McKnight’s Home Care | By Liza Berger
 
Home health providers have been laser-focused in recent months on the permanent Patient-Driven Groupings Model payment cut — 3.925% — which went into effect on Jan. 1. But there is a looming cut that threatens even more instability for providers: the temporary clawback payments related to PDGM. These reductions, which are expected to total at least $3 billion, may take effect as soon as next year.  
 
“I can’t say you can rate one as scarier than another,” Bill Dombi, president of the National Association for Home Care & Hospice, said of the permanent and temporary cuts to McKnight’s Home Care Daily Pulse. “In combination, they are a disaster.”
 
Capstone, a global policy analysis and regulatory due diligence firm, might agree. In a recent policy analysis of “underappreciated developments in healthcare in 2023,” it found that temporary clawbacks in 2024 “represent a potentially larger threat to home health,” than a cut to the market basket.

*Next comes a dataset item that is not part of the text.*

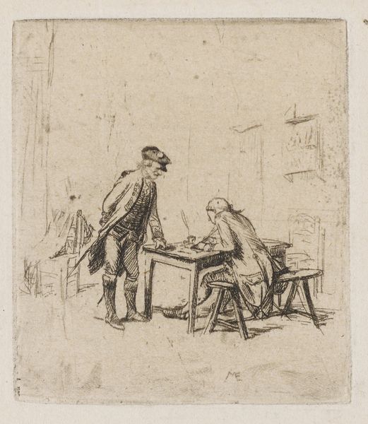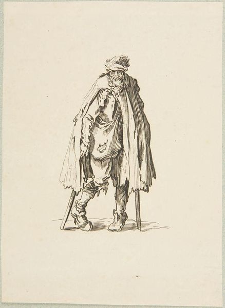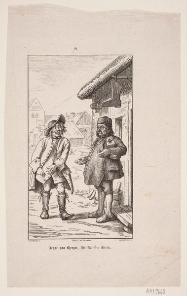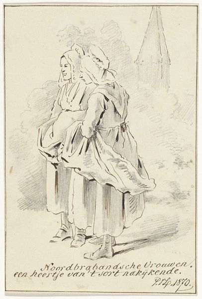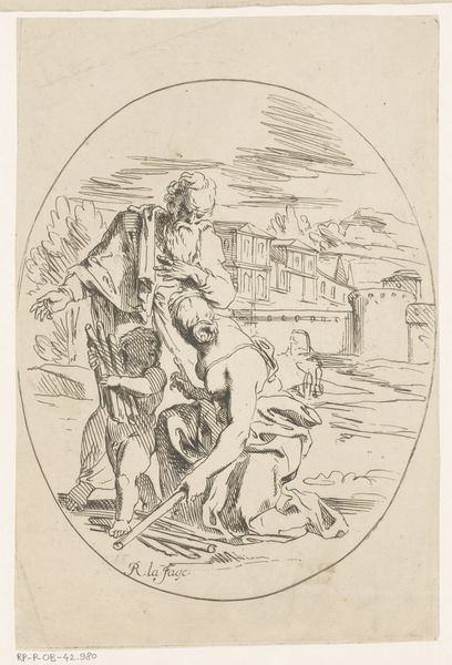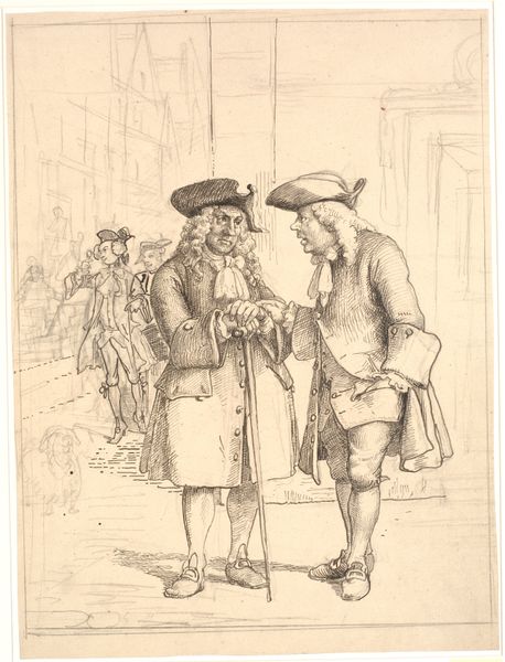 Curator: Jacobus Ludovicus Cornet’s "Zwervend gezin op straat," which translates to "Wandering Family on the Street," drawn between 1825 and 1882, uses pen and ink to depict exactly what the title suggests: a family on hard times. Editor: The mood is undeniably bleak. The bowed heads, the evident poverty…it all conveys a strong sense of hardship. Curator: The method mirrors the subject; Cornet uses thin, scratchy lines to create texture and shadow, enhancing the worn appearance of the family's clothes and surroundings. Consider the physical act of repeatedly dragging a pen across paper—it's repetitive labor mirroring the family’s relentless struggle. The sketch is on display here at the Rijksmuseum. Editor: Yes, there’s a clear narrative here. The woman's head covering evokes mourning, perhaps signifying loss and displacement, with the father clinging to his son, protecting what little they have. What do you make of the discarded hat in the corner, seemingly sheltering a cat? Curator: That detail adds layers. Is it symbolic of abandoned dreams, a lost home? The presence of the cat offers both pathos and perhaps a flicker of hope—even in destitution, life finds a way to persevere. This work serves as an interesting record of societal challenges during that time. What narratives can be uncovered regarding access to affordable tools to create such stark social critique and disseminate awareness of impoverished families in the Netherlands during this period? Editor: From a purely visual point of view, notice the composition, particularly the contrast between the crisp lines describing the architecture in the background and the more fluid strokes detailing the figures themselves. It seems to juxtapose the permanence of the city with the precarity of the family's existence. Curator: Exactly! That contrast also hints at the social structures that perpetuate this cycle of poverty, these are the underlying narratives, if you consider that he had access to such costly art production. I am left questioning the degree of social mobility he actually was witness to or believed. Editor: This examination underscores the human ability to empathize with universal themes such as family, displacement, and perseverance and to draw a lasting, if somber, reminder of social inequalities. Curator: Indeed. Examining it through the lens of material reality brings forward intriguing possibilities to consider art and agency, as a way of asking social and material questions, a practice still evolving.

Other home health leaders have voiced serious concerns about the clawback payments.
 
“We are very, very concerned about what happens in ’24,”  Joanne Cunningham, CEO of the Partnership for Quality Home Healthcare, told McKnight’s Home Care Daily Pulse. “It’s not a positive picture at all for home health. It’s pretty dire. They are significant reductions to the Medicare home health program. They won’t be implemented without significant harm to patient access.”
 
It’s not clear yet exactly how much money home health will owe from the temporary cuts related to PDGM overpayments and when. The proposed home health rule, which is due out this summer, will give providers a glimpse of what CMS is planning and how it intends to levy the adjustment, Cunningham said.
 
“The heat is dialed up now that we are looking at 2024,” she said. “We should see in rulemaking exactly how they are going to extract those [payments], which they didn’t do in 2023.”
 
The temporary PDGM cuts, like the permanent reductions, are a result of CMS’ overpayments to home health as a result of the transition from the old payment to PDGM in 2020. Home health providers likely owe at least $1 billion each year between 2020 and 2022. Both NAHC and the Partnership disagree with the methodology that CMS used to arrive at the overpayment figures.
 
This year, both organizations are going to continue to argue this point to members of Congress. They believe they have convinced Congress of their position somewhat, as the recent omnibus bill, which passed into law, required CMS to provide transparency around how it arrives at rate cuts.
 
Dombi thinks it is unfair to target traditional Medicare home health for cuts as the program helps to subsidize the underpayment from Medicaid and Medicare Advantage. His organization is pushing CMS to suspend all cuts in 2024 until there is a recognition of a need to fundamentally overhaul the payment system.
 
“We need to create a bridge between today and tomorrow without disruption,” he said.